## EXERCISE AIM
The listing below should be printed again word for word, without any images.

## SUPPLIED MATERIAL

_ _ _ _ _

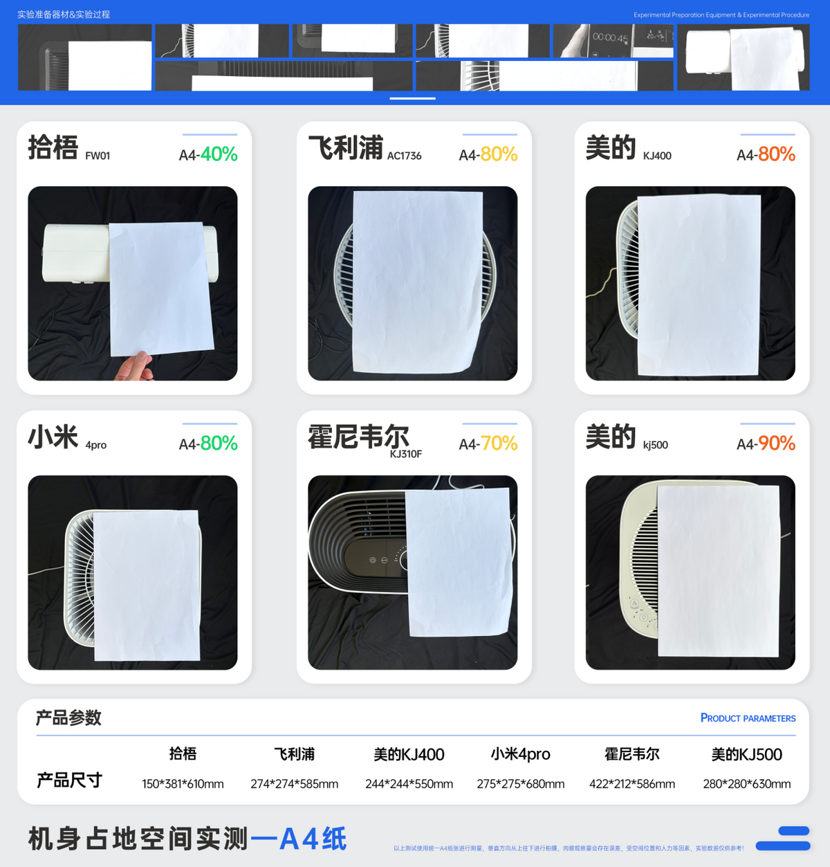 空气净化器的实际占地面积直接影响其在室内空间中的摆放便利性,尤其是对于空间有限的家庭、办公室或商业场所。体积越小越利于灵活布置,特别是壁挂式结构更具节省地面空间优势。因此,通过标准A4纸对比各机型占地面积,可以直观反映其机身紧凑程度和实用性。
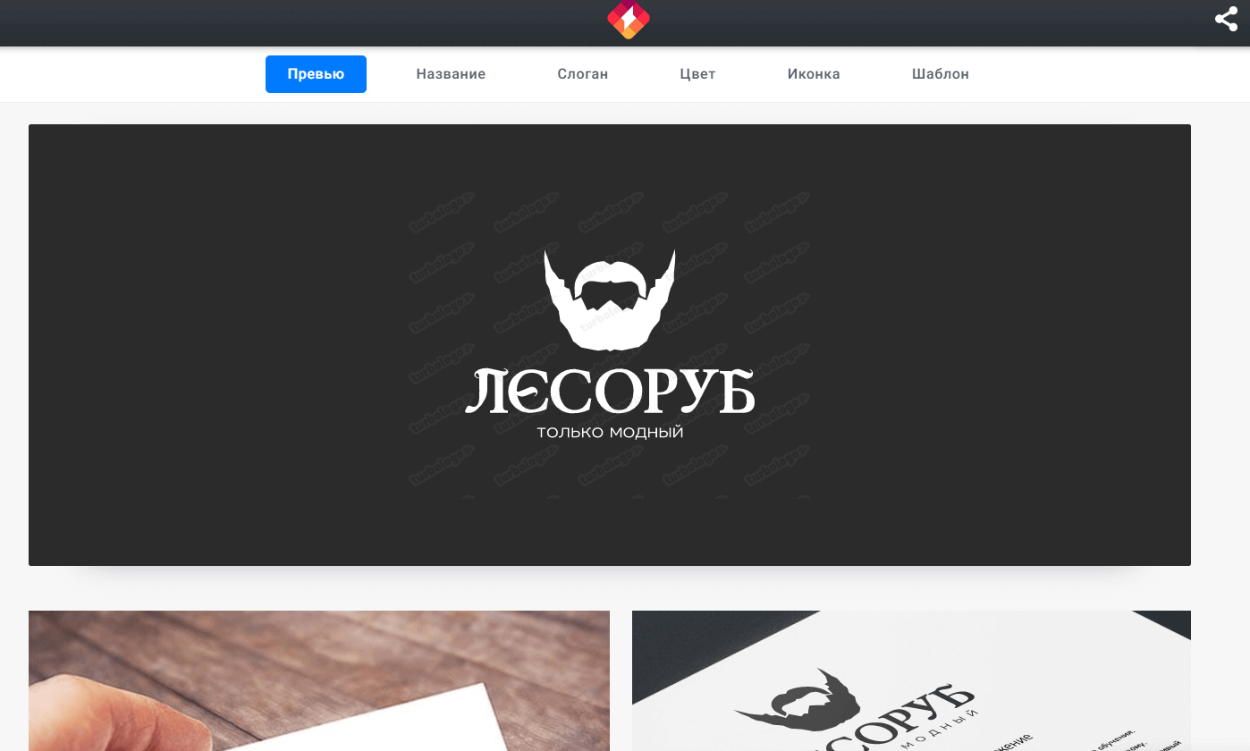 Turbologo — русскоязычный генератор логотипов, сам предлагает готовые варианты после настройки.Покупка большого файла обойдется в 790 рублей, маленький можно скачать просто так.
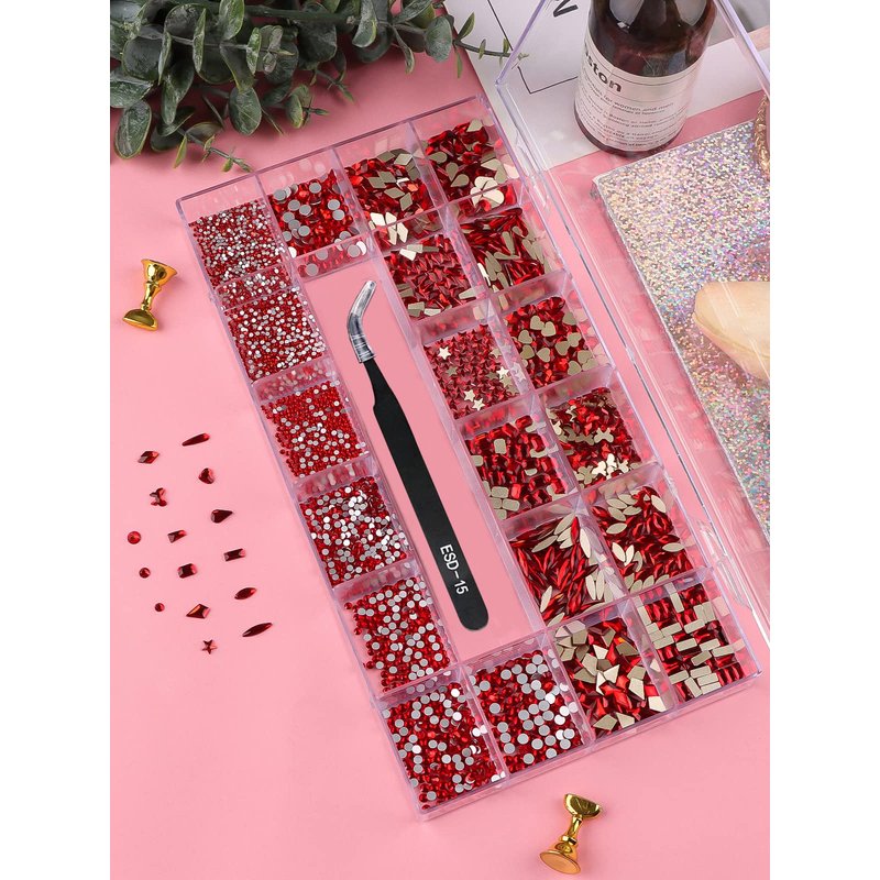 3100Pcs Red Rhinestones for Nails EBANKU Nail Art Rhinestones Kit Red Nail Crystal Rhinestones Mixed Shape with Rhinestone Picker Dotting Pen Tweezers for Valentine's Day DIY Nail Art Craft
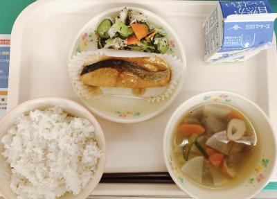 4月27日の給食は「麦ご飯、牛乳、たぬき汁、鮭のバター醤油焼き、ゆかりあえ」でした。

_ _ _ _ _

## OUTPUT
 空气净化器的实际占地面积直接影响其在室内空间中的摆放便利性,尤其是对于空间有限的家庭、办公室或商业场所。体积越小越利于灵活布置,特别是壁挂式结构更具节省地面空间优势。因此,通过标准A4纸对比各机型占地面积,可以直观反映其机身紧凑程度和实用性。
 Turbologo — русскоязычный генератор логотипов, сам предлагает готовые варианты после настройки.Покупка большого файла обойдется в 790 рублей, маленький можно скачать просто так.
 3100Pcs Red Rhinestones for Nails EBANKU Nail Art Rhinestones Kit Red Nail Crystal Rhinestones Mixed Shape with Rhinestone Picker Dotting Pen Tweezers for Valentine's Day DIY Nail Art Craft
 4月27日の給食は「麦ご飯、牛乳、たぬき汁、鮭のバター醤油焼き、ゆかりあえ」でした。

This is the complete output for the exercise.